There is nowhere for Britons to turn as catastrophic Brexit looms
Shades of the Second World War, drugs with a short shelf life will be flown in, the government says, which sounds as if they mean under the radar, like bombs and food parcels.
Britain — nothing Great about it lately — is heading for a Brexit so self-destructive that it’s like a national case of sepsis.
Every day brings worse news about how bad it’s going to be if there’s no deal with the European Union by March or, even if there is a deal, how it will be a criminally hasty one.
It will mean chaos. Conservative Prime Minister Theresa May, I imagine reluctantly, has sent out 24 of 80 government papers on what life will look like if there is no EU deal — imagine bullet points but with actual bullets — and they’re dire in the extreme. I am plucking the strangest bits out of the BBC and Guardian summaries. They are extraordinary.
The latest bombshell, unexploded until next spring, is the government request that medicine not be hoarded, neither by pharmacies nor patients. They will be kept at normal levels with an extra six weeks tacked on for safety.
What that says to an ill person is, “Get all the medication you can and keep it in the fridge.” Casually ask your vet if dog medication works on humans.
Shades of the Second World War, drugs with a short shelf life will be flown in, the government says, which sounds as if they mean under the radar, like bombs and food parcels.
The government shouldn’t have mentioned hoarding in the first place. Everybody had been thinking about food, and now this.
U.K. citizens in the EU may lose banking services. Brits at home will pay for more for them. Everything will cost more, everything.
The British organic food industry will wither for at least nine months because EU recertification can’t even start until after Brexit. May says she’ll keep paying farmers the EU subsidies that made organic farming possible, but only until the next election in 2022.
Similarly, May will fund student exchange programs with EU universities, but again only until 2022. The EU will stop funding British non-governmental organizations working on aid projects, and May probably won’t step up, not for foreign projects. Britain will be shut out of science research grants and infrastructure funding.

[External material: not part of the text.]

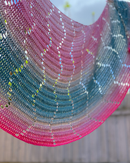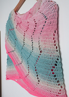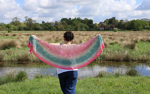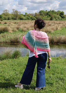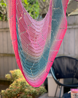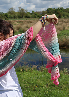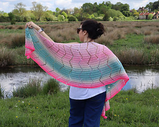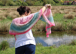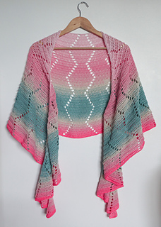 A generous crescent shaped shawl with gently diverging filet crochet zig zags, designed to work at right angles to the colour changes. An engaging and enjoyable crochet pattern with tons of drape for those who like something a little different.
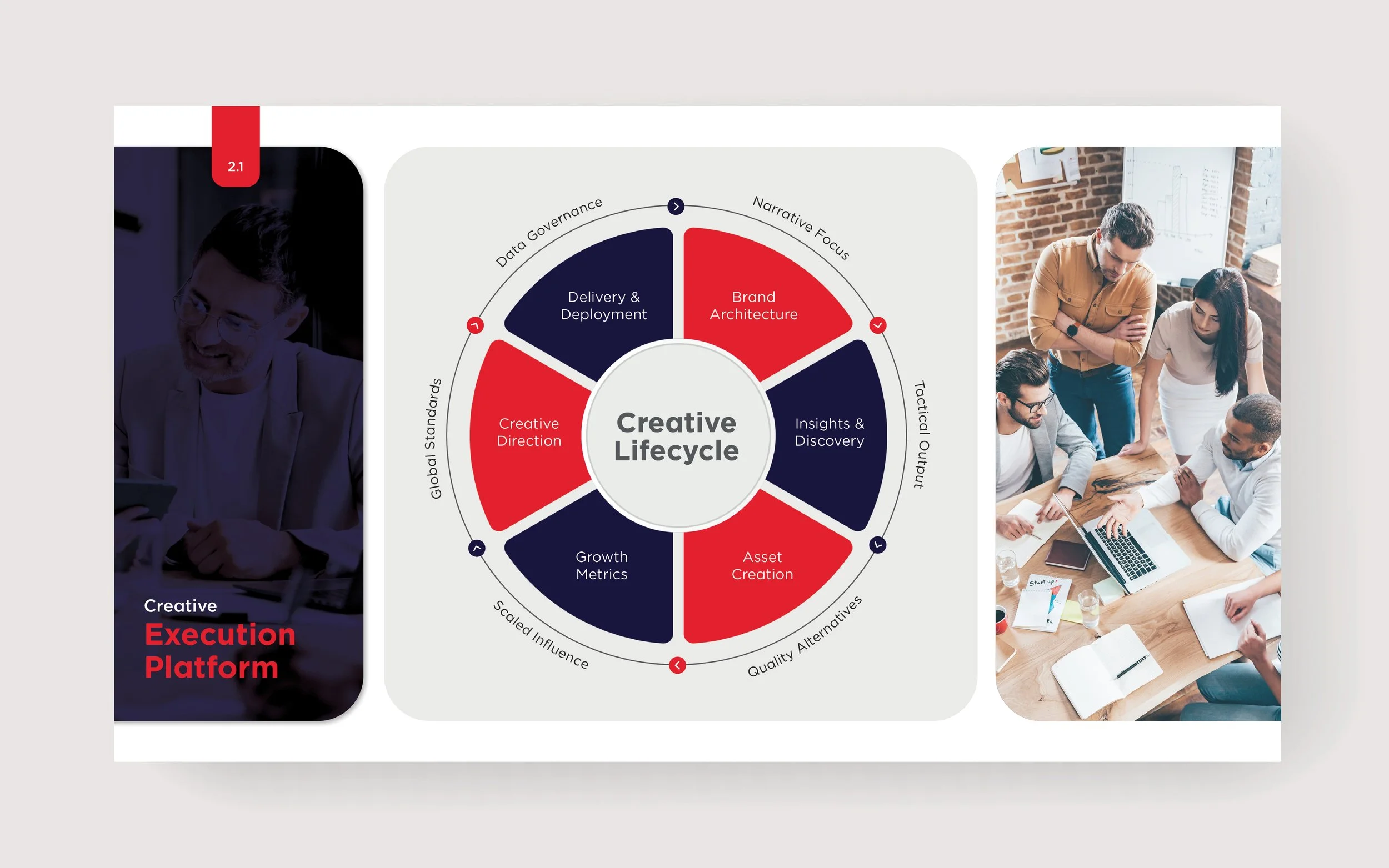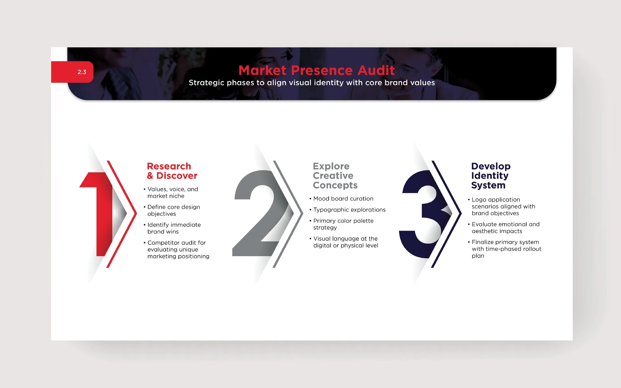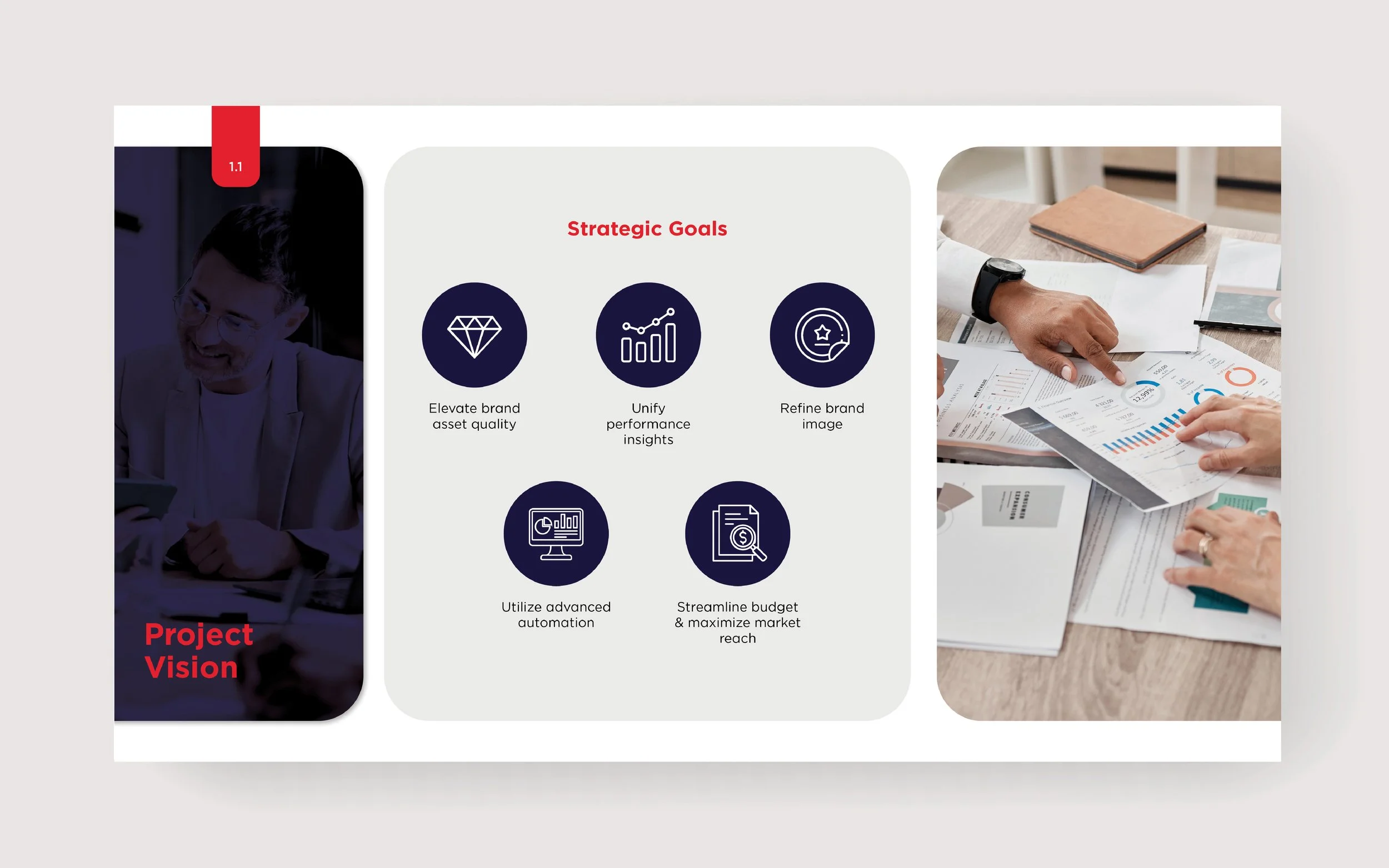 Rocket Mortgage engaged Cushman & Wakefield to develop a centralized strategic framework as the parent company sought to unify the disparate real estate operations and data sets of its rapidly expanding portfolio. I led the visual direction and presentation design, creating a structured narrative that transformed fragmented acquisition data into a cohesive, "bespoke" execution model designed to appeal to a singular group of executive decision-makers. To contrast the client's internal organizational complexity, the design utilized a transparent, grid-based system and a sophisticated palette that signaled precision, agility, and a consultative partnership. The visual strategy was delivered through a high-impact digital presentation and a professionally designed trifold leave-behind, which together positioned the firm as a personable, design-conscious alternative to traditional "big-box" competitors. This multi-format approach effectively demonstrated how tailored visual storytelling can bridge the gap between fragmented information and visionary intelligence, ultimately presenting a clear, scalable roadmap for a unified corporate future.

Happily, smoking will cost more because Britain will have to replace the EU’s illustrated warnings about the Grim Reaper on its cigarette packages.
Britain is suffering intensely from the Conservative austerity policy that is hacking at the National Health Service and its free medical care, local libraries, schools, affordable housing, university education, welfare, and basically everything established in postwar Britain to make it less medieval in the class sense.
The Conservatives have been doing this for decades, as is their right, and Tony Blair’s New Labour did try to repair things, as was their responsibility, but it leaves the nation facing a huge problem. Why did May retain austerity if she knew EU cash handouts would vanish? It’s austere austerity. Faux-EU till ’22 — is that her slogan?
Voters have nowhere to turn. Both Conservatives and Labour favour Brexit, each for their own reasons. The extreme-Brexit wing of the Conservatives is easily as ideological as the hardline Corbynistas on the left. Both seem willing to trash the nation to make a point.
The only thing that sustains the Conservatives is the thought of Prime Minister Jeremy Corbyn, a hard-left Labourite caught in the past. In many ways he’s like Trump, so sensitive to unfavourable media coverage that he wants to gradually replace the BBC with something Orwellian called the British Digital Corporation, a publicly funded government version of Facebook.
Although calls grow for another referendum on the actual Brexit deal, it might not help. There is no middle ground for reasonable people. Labour and Conservative extremists resemble the Red Guards of Mao’s Cultural Revolution, if the Red Guards had tweeted.
And this is why Brexit will happen. There is nowhere for Britons to turn to make it not happen. If you don’t like Corbyn, stick with May, a nicer Thatcher. Sick of May, vote for a man baked in 1970s macramé populism but with more misogyny. That’s two deplorables.
Brexit is disgracing almost everyone. Meanwhile, there are dozens more warning papers to go, and I do mean downwards.